Au départ,  place du Pont (place Stalingrad), 25 à 35 concurrents allaient prendre le départ officiel à la deuxième barrière ou au pont rouge à Cenon. Voici par exemple un itinéraire d’une étape : Bordeaux La Bastide – Cenon, La Benauge, les Bons Enfants, Créon, La Sauve, Langoiran, La Tresne, Bordeaux. Le règlement était strict : la compétition des chevaux attelés devait se faire au pas ou au trot (le galop étant disqualifiant), l’emploi du fouet interdit, seule la cravache était autorisée avec modération. Tous les types de voitures étaient acceptés. Les concurrents venant de tout le Sud-Ouest en train, avec leur monture, bénéficiaient d’une remise à l’aller et le retour était gratuit. L’engagement à ce raid variait de 25 à 75 francs et donnait droit au banquet final. A chaque départ et arrivée, l’ambiance était assurée par les trompes de chasse des Veneurs bordelais.

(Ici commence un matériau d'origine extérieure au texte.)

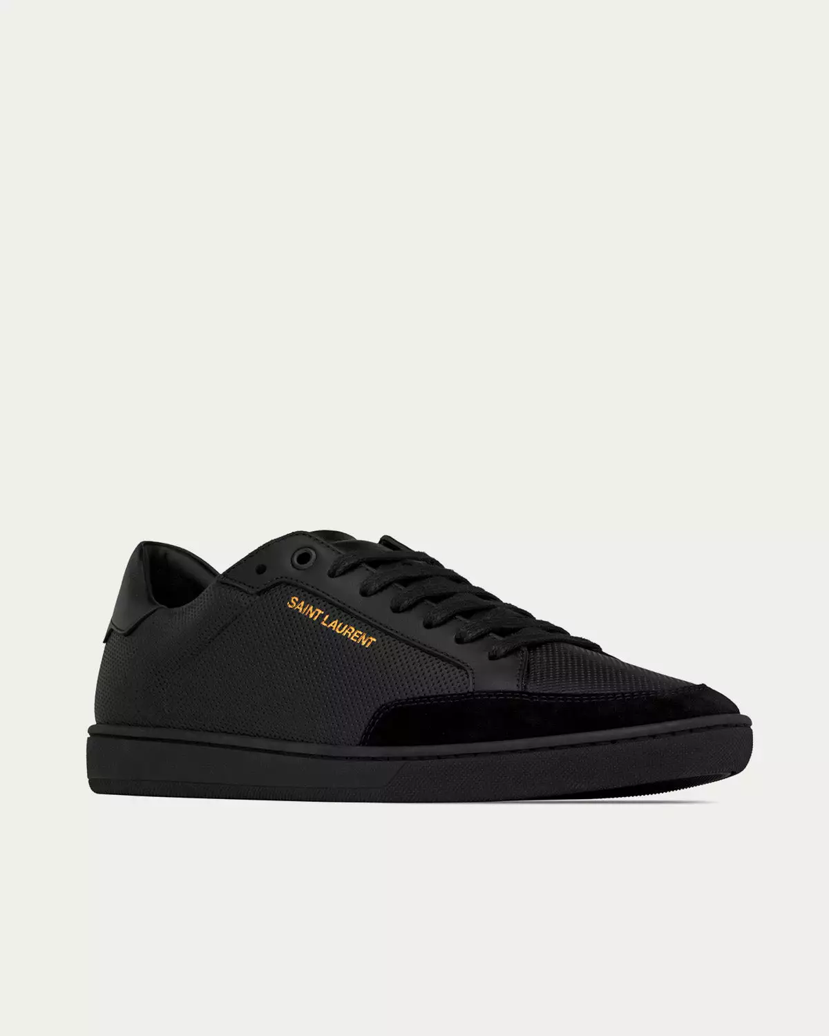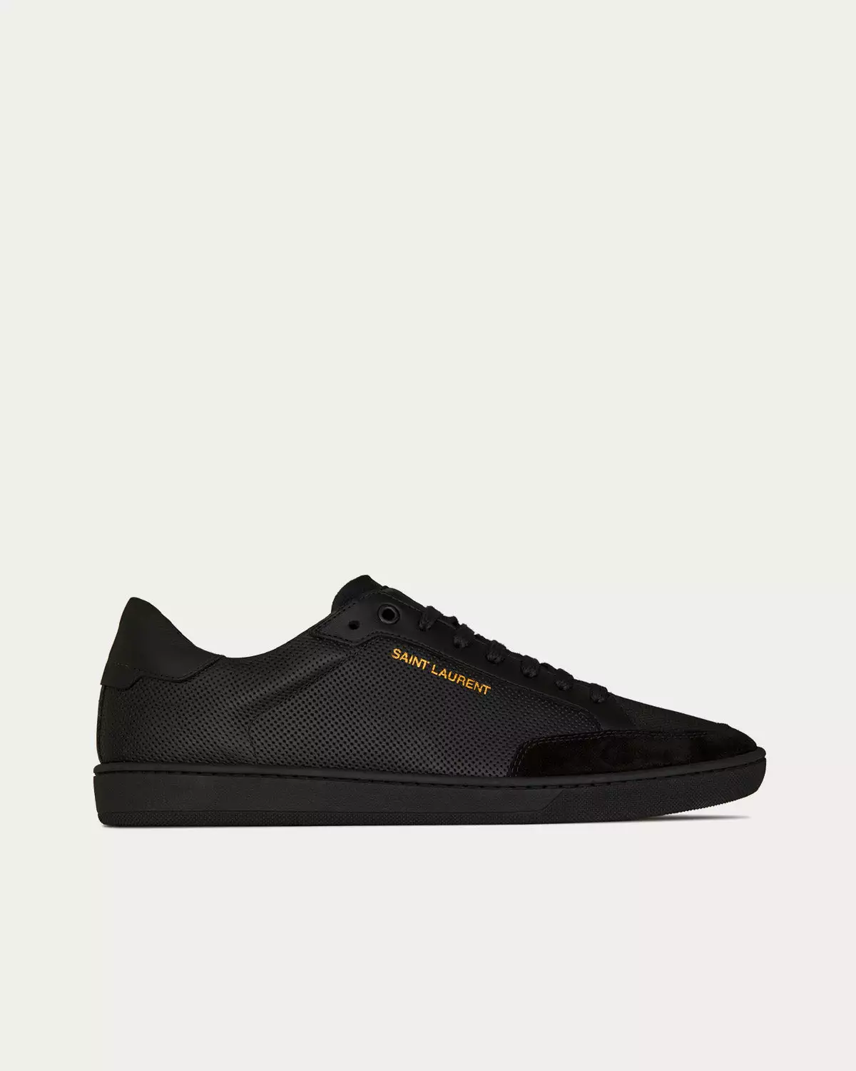 Saint Laurent SL/10 Court Classic Perforated & Smooth Leather Black Low Top Sneakers

L’organisation de ce raid était parfaite grâce à tous les bénévoles : chronométreurs, juges, commissaires, vétérinaires. La distribution des numéros se faisait devant la mairie de Cenon, la visite vétérinaire place Montesquieu et la remise des colliers plombés à l’angle de la rue du Maréchal Joffre et du cours Victor Hugo chez le bourrelier/sellier. Aucun accident ne fut à déplorer si ce n’est le renversement de quelques attelages un peu trop fougueux, quelques emballements intempestifs et des chevaux déferrés. La moyenne des étapes était de l’ordre de 25 km/h. Chaque année cet évènement attirait une foule considérable notamment en 1925 quand l’épreuve se déroula du samedi au lundi de la Pentecôte conjointement avec l’élection de la rosière à Créon. Ces courses étaient dotées de prix importants 35 000 francs au total (5 300 euros) et en 1928 le président de la République Gaston Doumergue offrit un magnifique vase de Sèvres tiré au sort parmi les participants ayant terminé la course. Chaque année une souscription était lancée pour gagner par tirage au sort un lot conséquent (un attelage complet). Sur la page hippique des journaux qui relataient ce raid on note des noms amusants de participants, souvent des commerçants bastidiens : «Huilor», «Café Mazarin», «Anis le bistrot», «Pour rire», «Amourette», «La mélasse Bertin» etc…

 Puis, cet évènement spectacle prit fin en 1943 pour des raisons sécuritaires et aussi économiques. Les routes étaient de plus en plus encombrées avec des aménagements modernes rendant de plus en plus dangereux le passage des attelages ce qui amena les organisateurs à abandonner. L’automobile supplantait l’hippomobile.